_WHAT YOU ARE ASKED TO DO_. Each line in the material below, starting at the one with "С паспортом или" and ending at the one with "Eulas 80 in.", is to be reproduced exactly; no picture is to be copied.

_MATERIAL SUPPLIED_.
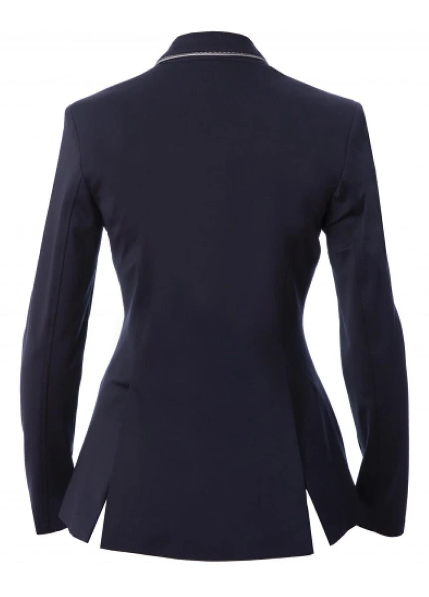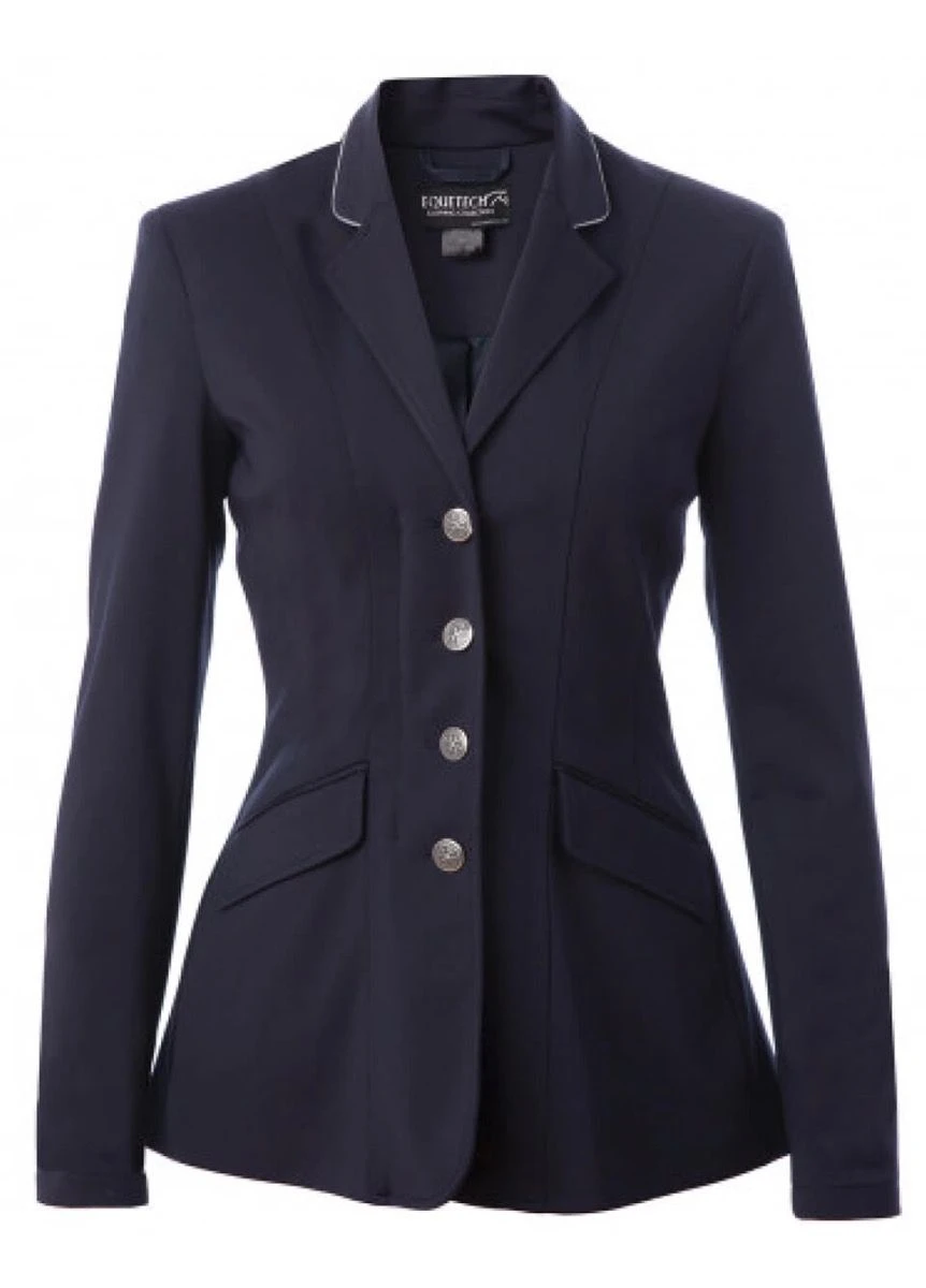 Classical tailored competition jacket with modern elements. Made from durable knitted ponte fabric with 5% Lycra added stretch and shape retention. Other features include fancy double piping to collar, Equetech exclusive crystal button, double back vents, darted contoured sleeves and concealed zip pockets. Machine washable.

--

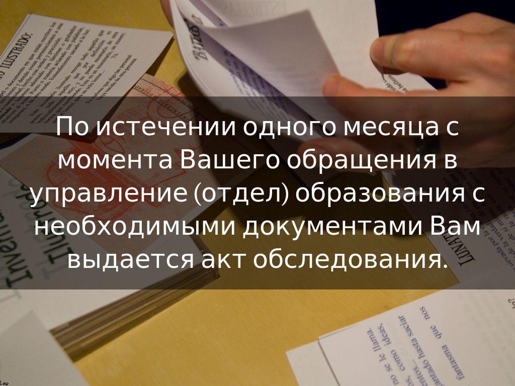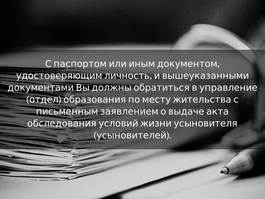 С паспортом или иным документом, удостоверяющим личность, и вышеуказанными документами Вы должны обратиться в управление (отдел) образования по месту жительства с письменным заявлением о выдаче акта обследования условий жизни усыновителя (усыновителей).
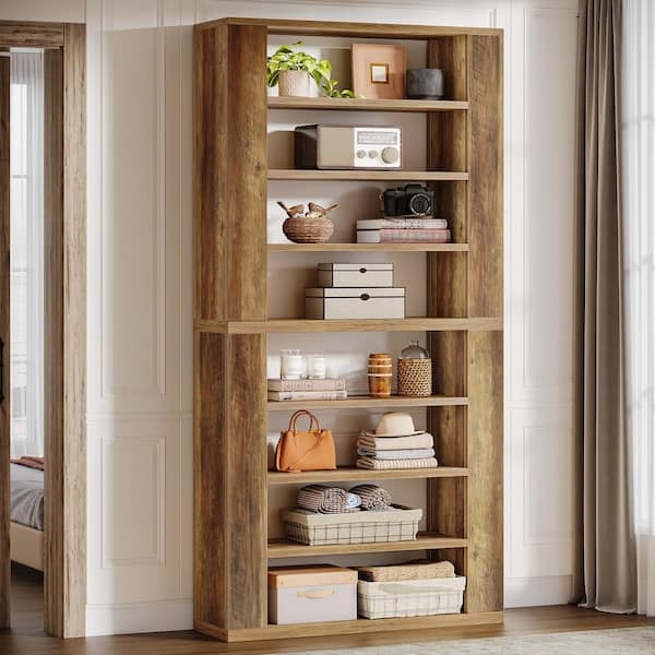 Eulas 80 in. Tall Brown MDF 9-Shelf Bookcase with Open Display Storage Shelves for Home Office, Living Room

--

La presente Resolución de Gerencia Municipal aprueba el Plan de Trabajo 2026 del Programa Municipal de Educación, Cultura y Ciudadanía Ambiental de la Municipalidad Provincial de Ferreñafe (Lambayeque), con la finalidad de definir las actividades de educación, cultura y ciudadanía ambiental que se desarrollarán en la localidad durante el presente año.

_RESULT BELOW_.
 С паспортом или иным документом, удостоверяющим личность, и вышеуказанными документами Вы должны обратиться в управление (отдел) образования по месту жительства с письменным заявлением о выдаче акта обследования условий жизни усыновителя (усыновителей).
 Eulas 80 in. Tall Brown MDF 9-Shelf Bookcase with Open Display Storage Shelves for Home Office, Living Room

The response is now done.